Data »
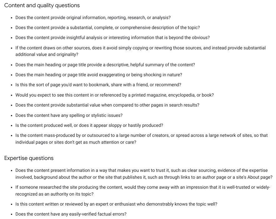 - «آیا توصیهها مفید، اورجینال و انسانمحور هستن؟» (شاید با استفاده از لیست سوالات گوگل در راهنمای محتوای مفید).
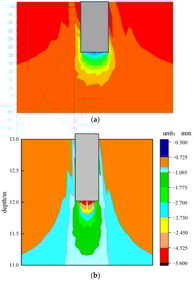 Vertical displacement nephogram of mudstone at the pile tip. (a) Vertical displacement cloud diagram of mudstone at pile end; (b) Optimized vertical displacement cloud diagram of mudstone at pile end.
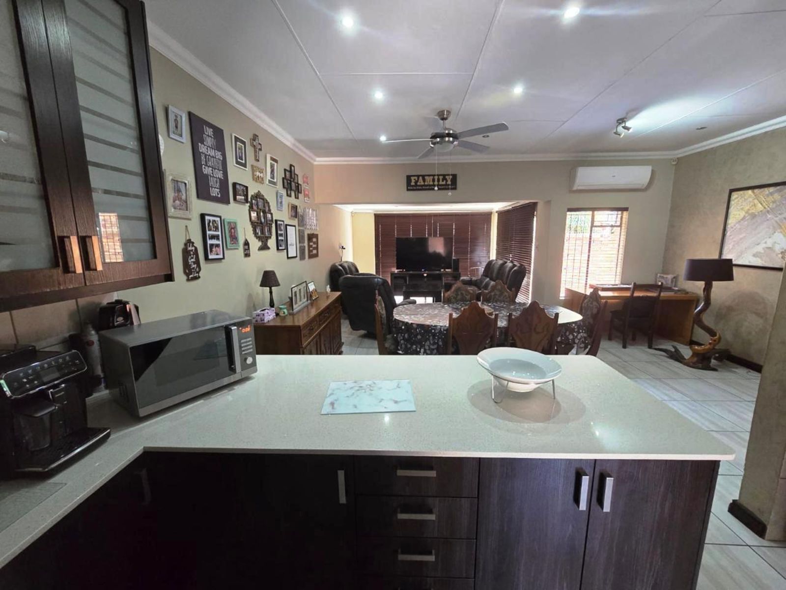 Enjoy a sleek open-plan kitchen fitted with Cesar stone counter tops, a gas stove, and generous cabinetry, seamlessly flowing into the living and dining area – perfect for entertaining or relaxing with family.

Work instructions » The pictures alone are to be left out when the data above is copied; all else must match exactly.

Problem solution »
 - «آیا توصیهها مفید، اورجینال و انسانمحور هستن؟» (شاید با استفاده از لیست سوالات گوگل در راهنمای محتوای مفید).
 Vertical displacement nephogram of mudstone at the pile tip. (a) Vertical displacement cloud diagram of mudstone at pile end; (b) Optimized vertical displacement cloud diagram of mudstone at pile end.
 Enjoy a sleek open-plan kitchen fitted with Cesar stone counter tops, a gas stove, and generous cabinetry, seamlessly flowing into the living and dining area – perfect for entertaining or relaxing with family.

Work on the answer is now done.